= WHAT TO WORK ON =
The material below includes pictures; leave them out and return only the lines between the line containing "Você está aqui: Página" and the line containing "열기인가 살이 두툼하고", inclusive, word for word.

= PROVIDED RECORDS =
==*==

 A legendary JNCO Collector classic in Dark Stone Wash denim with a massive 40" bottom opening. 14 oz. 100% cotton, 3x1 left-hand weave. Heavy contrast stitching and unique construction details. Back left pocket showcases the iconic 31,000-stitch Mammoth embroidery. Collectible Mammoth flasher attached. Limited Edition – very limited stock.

==*==

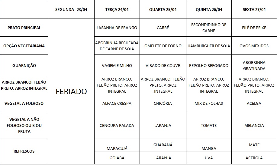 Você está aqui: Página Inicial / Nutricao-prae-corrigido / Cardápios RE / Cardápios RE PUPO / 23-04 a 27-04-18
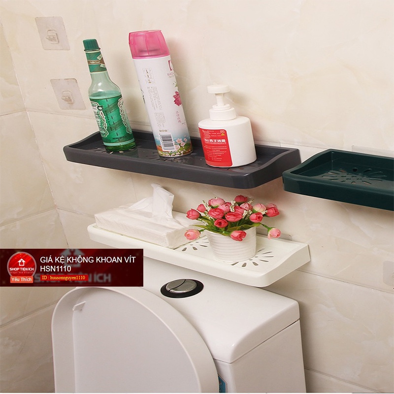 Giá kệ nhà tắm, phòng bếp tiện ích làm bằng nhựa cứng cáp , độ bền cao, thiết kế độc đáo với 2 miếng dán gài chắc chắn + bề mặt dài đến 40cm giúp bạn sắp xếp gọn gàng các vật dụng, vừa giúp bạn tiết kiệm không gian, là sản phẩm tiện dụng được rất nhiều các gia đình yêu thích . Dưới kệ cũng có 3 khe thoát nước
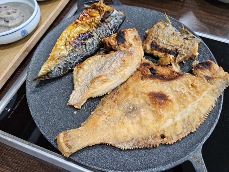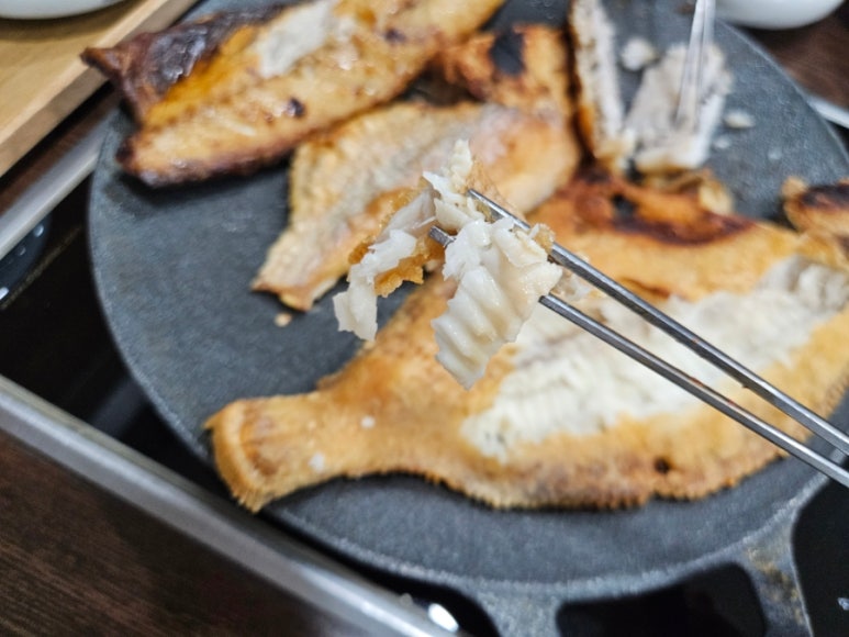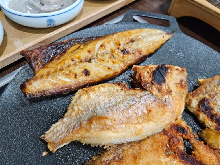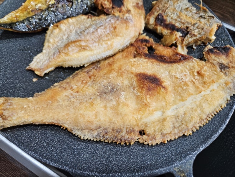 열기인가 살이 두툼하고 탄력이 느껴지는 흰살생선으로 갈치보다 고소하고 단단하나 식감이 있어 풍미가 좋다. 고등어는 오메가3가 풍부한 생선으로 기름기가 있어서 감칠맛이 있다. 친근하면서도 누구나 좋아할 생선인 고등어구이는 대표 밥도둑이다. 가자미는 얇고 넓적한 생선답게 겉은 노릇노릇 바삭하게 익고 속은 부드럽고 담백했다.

==*==

= RESPONSE TO THIS EXERCISE =
 Você está aqui: Página Inicial / Nutricao-prae-corrigido / Cardápios RE / Cardápios RE PUPO / 23-04 a 27-04-18
 Giá kệ nhà tắm, phòng bếp tiện ích làm bằng nhựa cứng cáp , độ bền cao, thiết kế độc đáo với 2 miếng dán gài chắc chắn + bề mặt dài đến 40cm giúp bạn sắp xếp gọn gàng các vật dụng, vừa giúp bạn tiết kiệm không gian, là sản phẩm tiện dụng được rất nhiều các gia đình yêu thích . Dưới kệ cũng có 3 khe thoát nước
 열기인가 살이 두툼하고 탄력이 느껴지는 흰살생선으로 갈치보다 고소하고 단단하나 식감이 있어 풍미가 좋다. 고등어는 오메가3가 풍부한 생선으로 기름기가 있어서 감칠맛이 있다. 친근하면서도 누구나 좋아할 생선인 고등어구이는 대표 밥도둑이다. 가자미는 얇고 넓적한 생선답게 겉은 노릇노릇 바삭하게 익고 속은 부드럽고 담백했다.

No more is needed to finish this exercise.